Prompt →
The whole listing that follows, pictures excepted, should be printed again exactly as given.

Collected data →
•••••
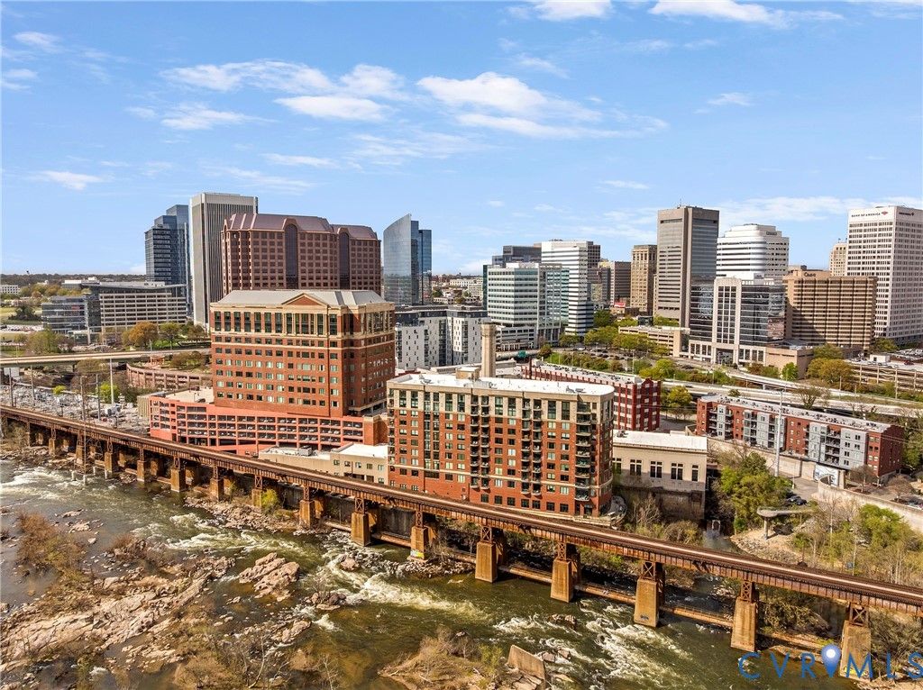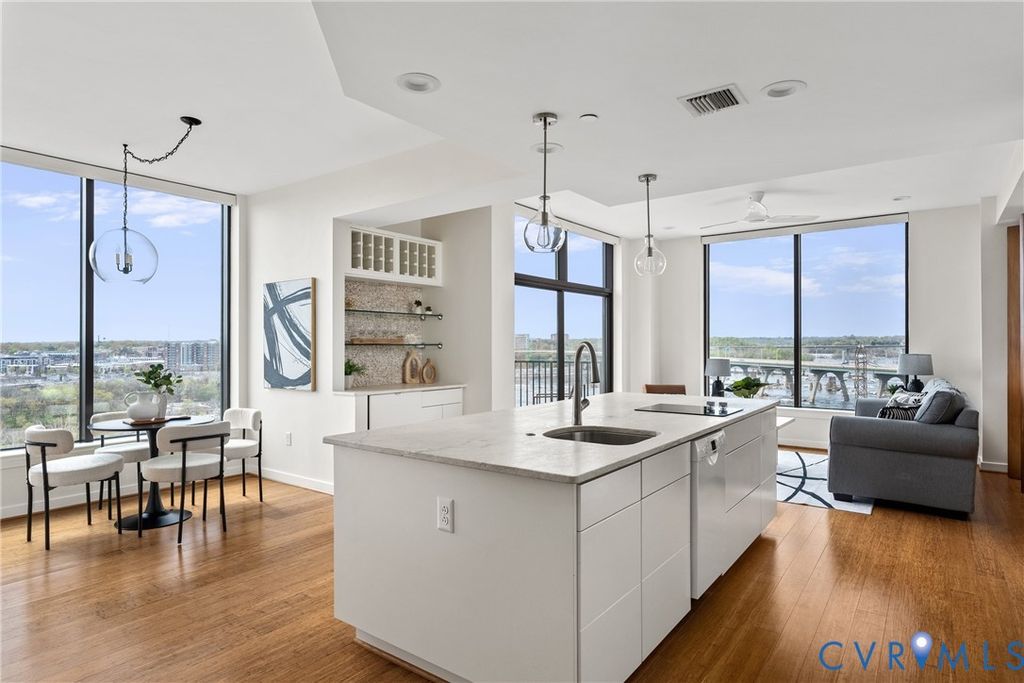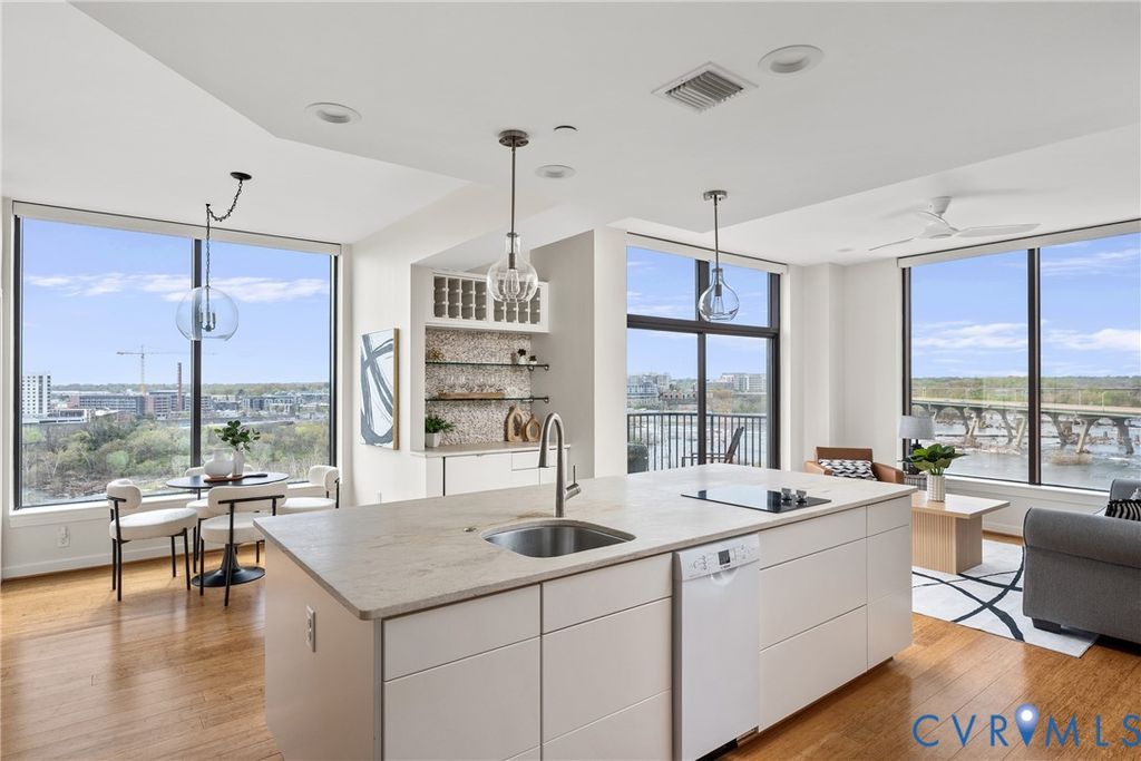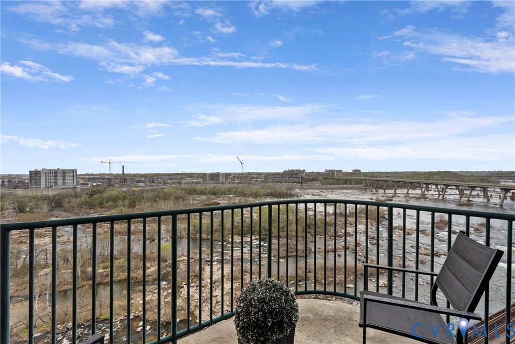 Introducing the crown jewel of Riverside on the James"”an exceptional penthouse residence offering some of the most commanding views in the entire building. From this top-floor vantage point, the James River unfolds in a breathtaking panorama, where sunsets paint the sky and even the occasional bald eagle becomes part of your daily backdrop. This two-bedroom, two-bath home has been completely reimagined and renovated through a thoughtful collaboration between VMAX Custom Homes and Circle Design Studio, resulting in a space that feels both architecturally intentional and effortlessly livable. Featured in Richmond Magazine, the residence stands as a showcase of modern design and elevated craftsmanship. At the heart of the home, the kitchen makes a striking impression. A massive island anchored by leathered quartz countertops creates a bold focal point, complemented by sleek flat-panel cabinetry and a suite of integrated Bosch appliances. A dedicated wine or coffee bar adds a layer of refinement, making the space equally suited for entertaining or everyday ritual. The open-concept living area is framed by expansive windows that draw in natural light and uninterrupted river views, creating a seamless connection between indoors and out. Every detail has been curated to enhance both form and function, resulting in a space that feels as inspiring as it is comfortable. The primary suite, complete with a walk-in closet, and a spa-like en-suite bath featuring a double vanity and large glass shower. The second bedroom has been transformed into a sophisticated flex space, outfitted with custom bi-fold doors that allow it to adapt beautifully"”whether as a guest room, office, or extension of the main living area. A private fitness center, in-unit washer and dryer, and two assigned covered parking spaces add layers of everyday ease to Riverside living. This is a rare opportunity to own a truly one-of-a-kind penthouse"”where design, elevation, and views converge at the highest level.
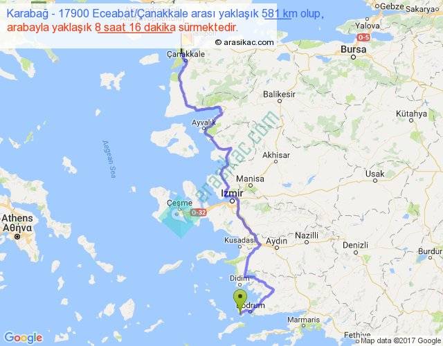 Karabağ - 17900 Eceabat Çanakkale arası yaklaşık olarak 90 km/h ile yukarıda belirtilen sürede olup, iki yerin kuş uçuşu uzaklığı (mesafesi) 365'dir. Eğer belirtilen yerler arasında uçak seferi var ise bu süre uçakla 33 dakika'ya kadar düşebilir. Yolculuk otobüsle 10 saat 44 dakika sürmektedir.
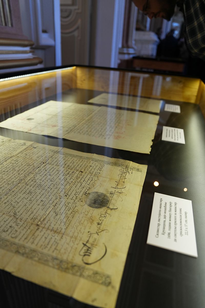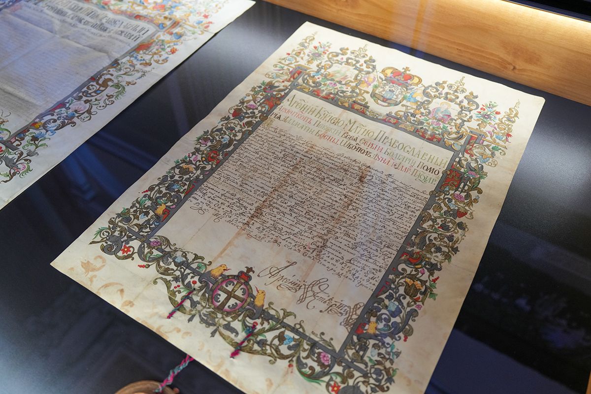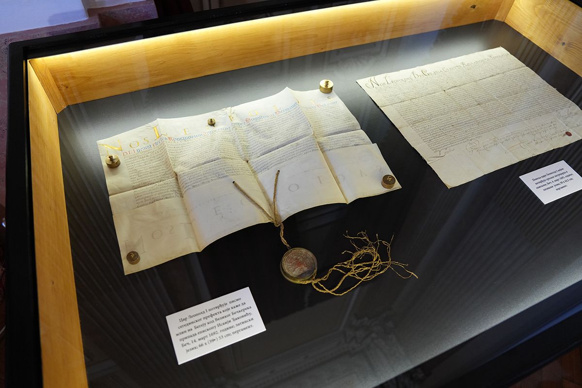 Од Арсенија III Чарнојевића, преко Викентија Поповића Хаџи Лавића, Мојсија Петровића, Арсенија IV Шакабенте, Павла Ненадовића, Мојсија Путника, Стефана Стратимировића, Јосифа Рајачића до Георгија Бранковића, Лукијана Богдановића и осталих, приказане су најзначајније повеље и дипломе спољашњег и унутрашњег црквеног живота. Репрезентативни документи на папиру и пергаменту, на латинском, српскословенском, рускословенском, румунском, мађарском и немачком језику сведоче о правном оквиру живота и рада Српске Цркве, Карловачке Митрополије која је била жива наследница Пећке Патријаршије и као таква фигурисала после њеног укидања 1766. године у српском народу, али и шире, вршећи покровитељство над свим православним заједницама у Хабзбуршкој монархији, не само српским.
•••••
Response to the task →
 Introducing the crown jewel of Riverside on the James"”an exceptional penthouse residence offering some of the most commanding views in the entire building. From this top-floor vantage point, the James River unfolds in a breathtaking panorama, where sunsets paint the sky and even the occasional bald eagle becomes part of your daily backdrop. This two-bedroom, two-bath home has been completely reimagined and renovated through a thoughtful collaboration between VMAX Custom Homes and Circle Design Studio, resulting in a space that feels both architecturally intentional and effortlessly livable. Featured in Richmond Magazine, the residence stands as a showcase of modern design and elevated craftsmanship. At the heart of the home, the kitchen makes a striking impression. A massive island anchored by leathered quartz countertops creates a bold focal point, complemented by sleek flat-panel cabinetry and a suite of integrated Bosch appliances. A dedicated wine or coffee bar adds a layer of refinement, making the space equally suited for entertaining or everyday ritual. The open-concept living area is framed by expansive windows that draw in natural light and uninterrupted river views, creating a seamless connection between indoors and out. Every detail has been curated to enhance both form and function, resulting in a space that feels as inspiring as it is comfortable. The primary suite, complete with a walk-in closet, and a spa-like en-suite bath featuring a double vanity and large glass shower. The second bedroom has been transformed into a sophisticated flex space, outfitted with custom bi-fold doors that allow it to adapt beautifully"”whether as a guest room, office, or extension of the main living area. A private fitness center, in-unit washer and dryer, and two assigned covered parking spaces add layers of everyday ease to Riverside living. This is a rare opportunity to own a truly one-of-a-kind penthouse"”where design, elevation, and views converge at the highest level.
 Karabağ - 17900 Eceabat Çanakkale arası yaklaşık olarak 90 km/h ile yukarıda belirtilen sürede olup, iki yerin kuş uçuşu uzaklığı (mesafesi) 365'dir. Eğer belirtilen yerler arasında uçak seferi var ise bu süre uçakla 33 dakika'ya kadar düşebilir. Yolculuk otobüsle 10 saat 44 dakika sürmektedir.
 Од Арсенија III Чарнојевића, преко Викентија Поповића Хаџи Лавића, Мојсија Петровића, Арсенија IV Шакабенте, Павла Ненадовића, Мојсија Путника, Стефана Стратимировића, Јосифа Рајачића до Георгија Бранковића, Лукијана Богдановића и осталих, приказане су најзначајније повеље и дипломе спољашњег и унутрашњег црквеног живота. Репрезентативни документи на папиру и пергаменту, на латинском, српскословенском, рускословенском, румунском, мађарском и немачком језику сведоче о правном оквиру живота и рада Српске Цркве, Карловачке Митрополије која је била жива наследница Пећке Патријаршије и као таква фигурисала после њеног укидања 1766. године у српском народу, али и шире, вршећи покровитељство над свим православним заједницама у Хабзбуршкој монархији, не само српским.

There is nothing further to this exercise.